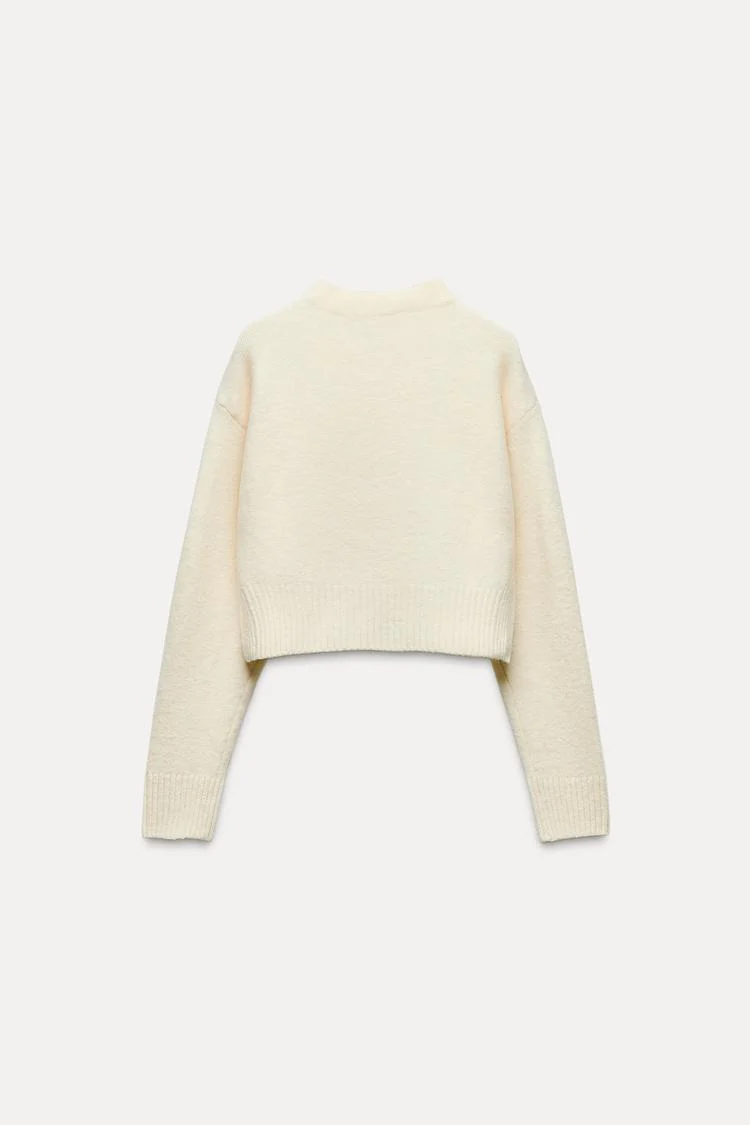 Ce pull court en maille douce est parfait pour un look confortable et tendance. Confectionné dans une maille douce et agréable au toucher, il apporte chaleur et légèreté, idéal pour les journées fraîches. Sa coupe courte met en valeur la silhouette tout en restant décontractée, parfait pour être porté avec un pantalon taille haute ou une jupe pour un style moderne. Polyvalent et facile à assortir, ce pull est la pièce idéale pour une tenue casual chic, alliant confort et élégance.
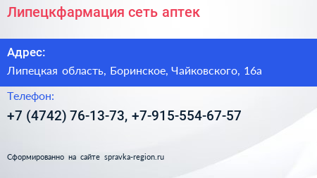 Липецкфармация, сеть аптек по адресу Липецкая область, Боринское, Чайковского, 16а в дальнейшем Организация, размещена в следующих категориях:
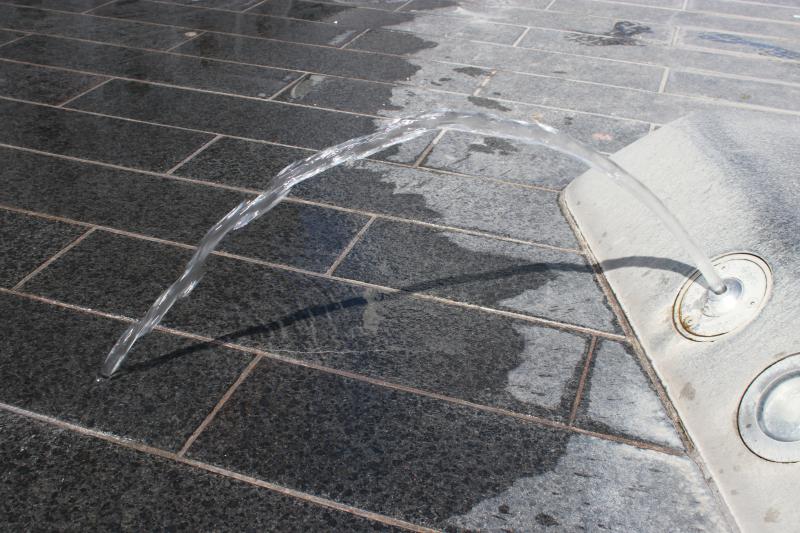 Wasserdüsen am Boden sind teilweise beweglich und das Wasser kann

****************

_Task instructions_
Exactly as they appear above, print all the lines, but not the pictures.

_Solution_
 Ce pull court en maille douce est parfait pour un look confortable et tendance. Confectionné dans une maille douce et agréable au toucher, il apporte chaleur et légèreté, idéal pour les journées fraîches. Sa coupe courte met en valeur la silhouette tout en restant décontractée, parfait pour être porté avec un pantalon taille haute ou une jupe pour un style moderne. Polyvalent et facile à assortir, ce pull est la pièce idéale pour une tenue casual chic, alliant confort et élégance.
 Липецкфармация, сеть аптек по адресу Липецкая область, Боринское, Чайковского, 16а в дальнейшем Организация, размещена в следующих категориях:
 Wasserdüsen am Boden sind teilweise beweglich und das Wasser kann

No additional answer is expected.